◆ Recorded information ◆
◆ ◆ ◆ ◆ ◆

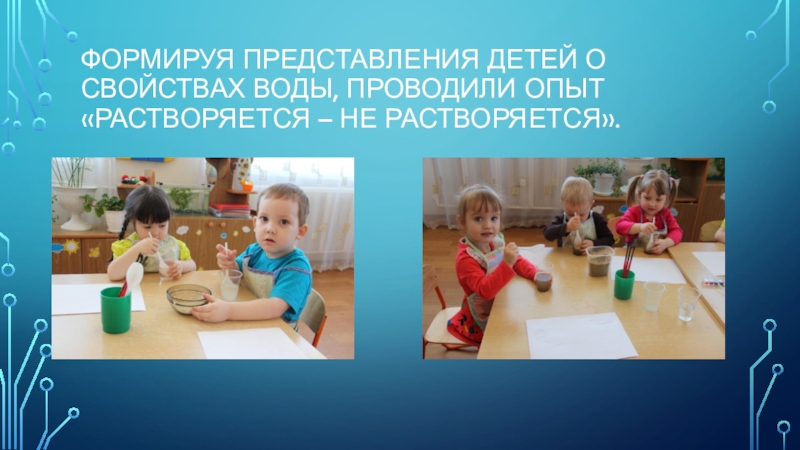 Слайд 10Формируя представления детей о свойствах воды, проводили опыт «Растворяется – не
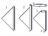 Оформление салфеток 2 | Свеча: Салфетку сложить по диагонали треугольником открытой стороной вверх (1), заломать снизу вверх полосу шириной 2 см (2) и свернуть трубочкой всю салфетку справа налево (3), а наружу выступающий уголок "a" вложить с паз нижней полоски салфетки (4). Такую "свечу" можно установить в нарядном новогоднем салфеточном колечке. |
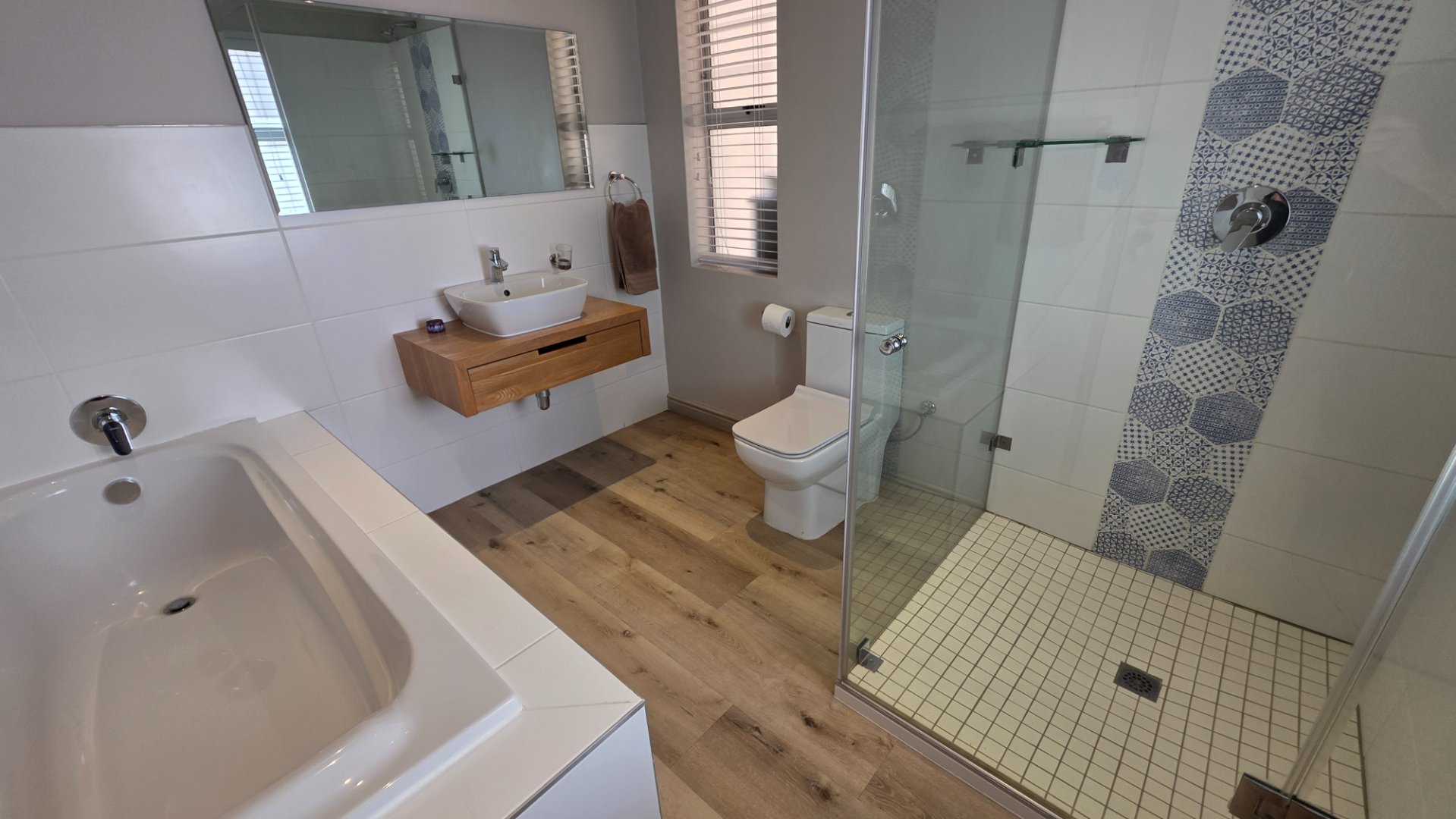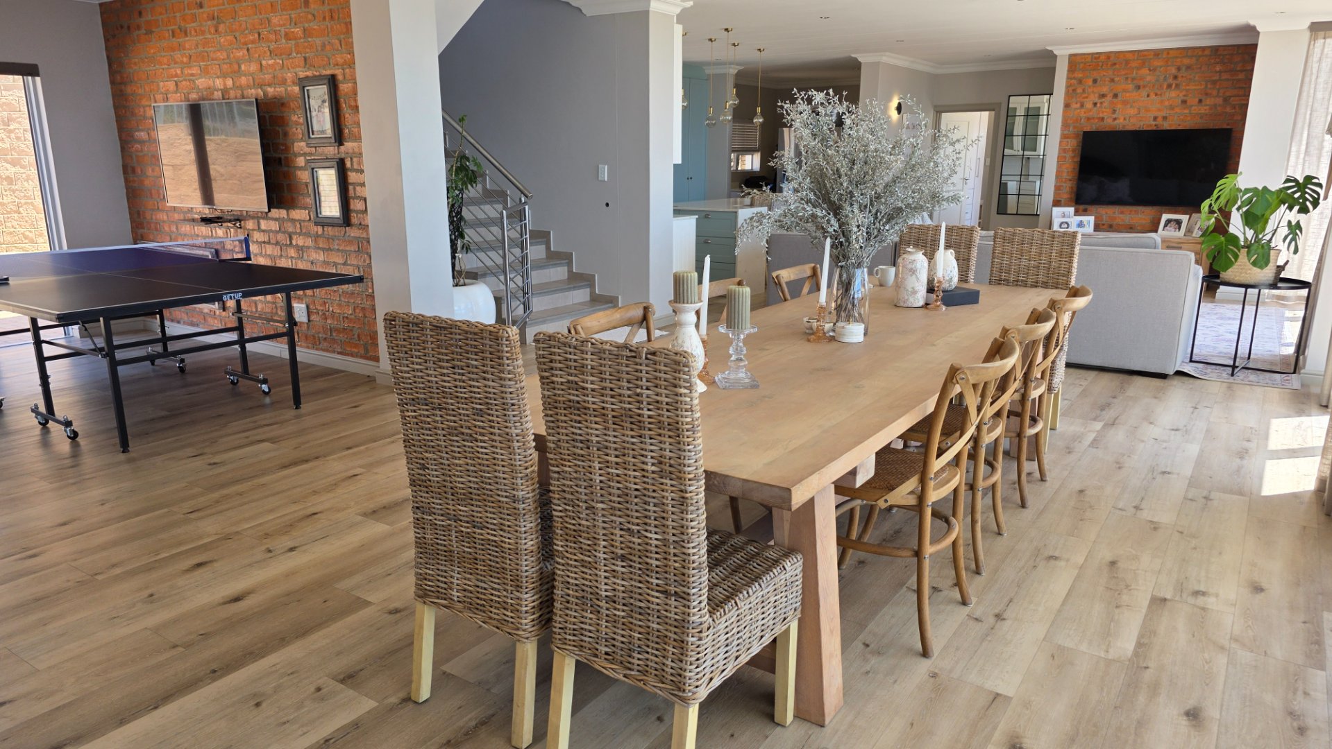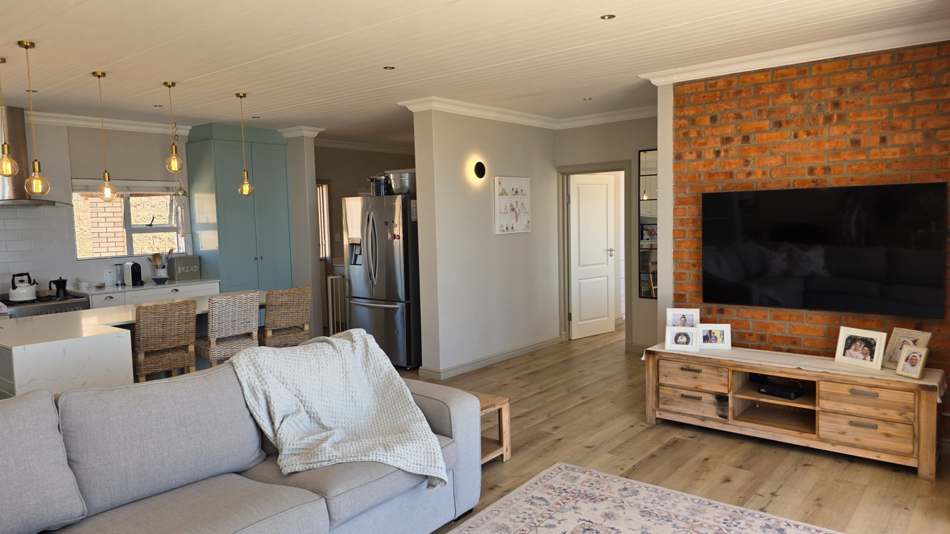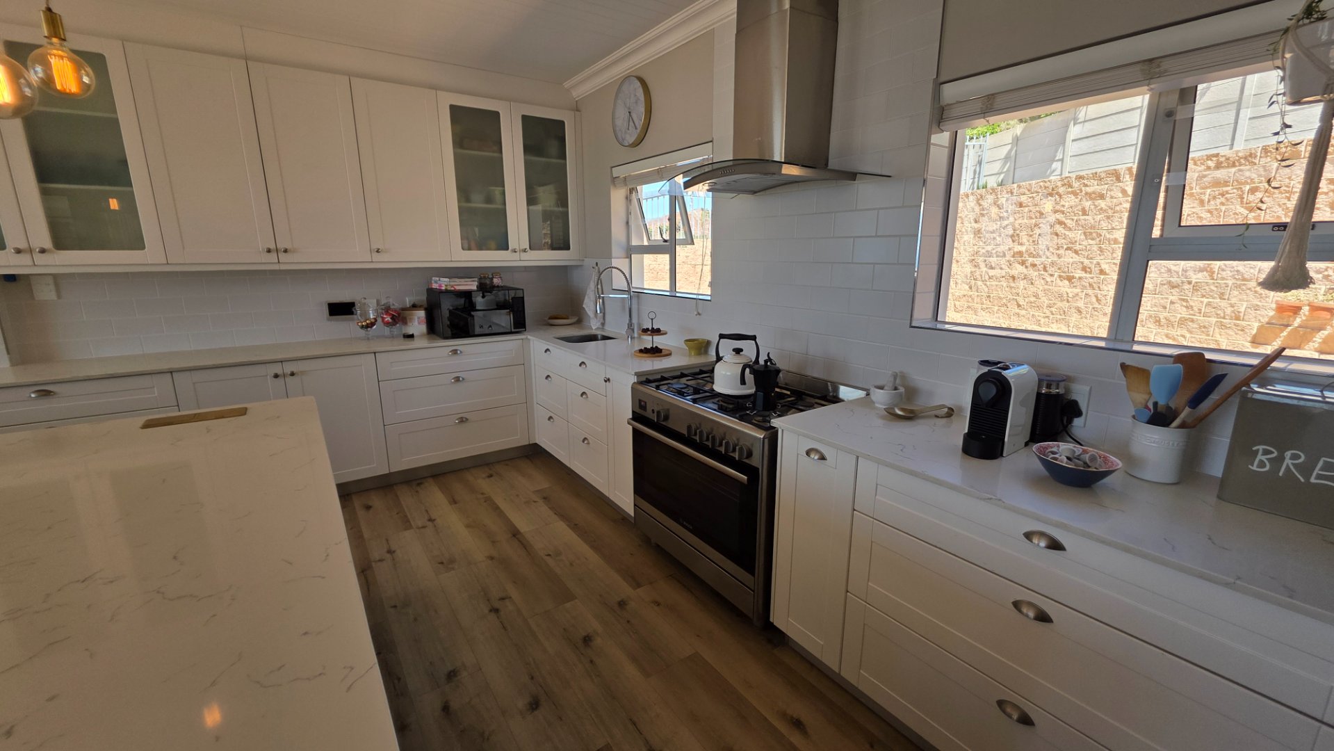 This remarkable residence combines contemporary design, practical living and breathtaking natural surroundings whilst featuring four generous bedrooms with three full bathrooms and every space showcases uninterrupted ocean views, bringing coastal living right to your doorstep. The main bedroom includes an open-plan full bathroom complete with a stylish free-standing bath and at the centre of the home is a modern, well-appointed kitchen with a separate scullery, perfectly suited for everyday use and effortless entertaining. The property offers multiple living areas, including three lounges, a dedicated braai room, and an impressive rooftop patio ideal for enjoying sweeping sea and mountain vistas, the perfect setting for sunset cocktails. The extra-large 90 m2 automated garage easily accommodates a caravan and reflects the home’s balance of luxury and practicality. Additional thoughtful features include wheelchair-friendly design, a portable plug-in inverter system that powers Wi-Fi, television, and select lighting during load shedding, as well as solar panels for the solar geyser and there is also a staff bathroom conveniently located next to the garage. Ideally situated close to both the beach and town, this home is ideal for those seeking space, elegance, and extraordinary surroundings and all custom-made curtains are included in the sale. For more information or appointment to view you are welcome to contact me.

◆ ◆ ◆ ◆ ◆

◆ Your task ◆
Drop the pictures and copy the data exactly.

◆ Expected output ◆
 Слайд 10Формируя представления детей о свойствах воды, проводили опыт «Растворяется – не
 Оформление салфеток 2 | Свеча: Салфетку сложить по диагонали треугольником открытой стороной вверх (1), заломать снизу вверх полосу шириной 2 см (2) и свернуть трубочкой всю салфетку справа налево (3), а наружу выступающий уголок "a" вложить с паз нижней полоски салфетки (4). Такую "свечу" можно установить в нарядном новогоднем салфеточном колечке. |
 This remarkable residence combines contemporary design, practical living and breathtaking natural surroundings whilst featuring four generous bedrooms with three full bathrooms and every space showcases uninterrupted ocean views, bringing coastal living right to your doorstep. The main bedroom includes an open-plan full bathroom complete with a stylish free-standing bath and at the centre of the home is a modern, well-appointed kitchen with a separate scullery, perfectly suited for everyday use and effortless entertaining. The property offers multiple living areas, including three lounges, a dedicated braai room, and an impressive rooftop patio ideal for enjoying sweeping sea and mountain vistas, the perfect setting for sunset cocktails. The extra-large 90 m2 automated garage easily accommodates a caravan and reflects the home’s balance of luxury and practicality. Additional thoughtful features include wheelchair-friendly design, a portable plug-in inverter system that powers Wi-Fi, television, and select lighting during load shedding, as well as solar panels for the solar geyser and there is also a staff bathroom conveniently located next to the garage. Ideally situated close to both the beach and town, this home is ideal for those seeking space, elegance, and extraordinary surroundings and all custom-made curtains are included in the sale. For more information or appointment to view you are welcome to contact me.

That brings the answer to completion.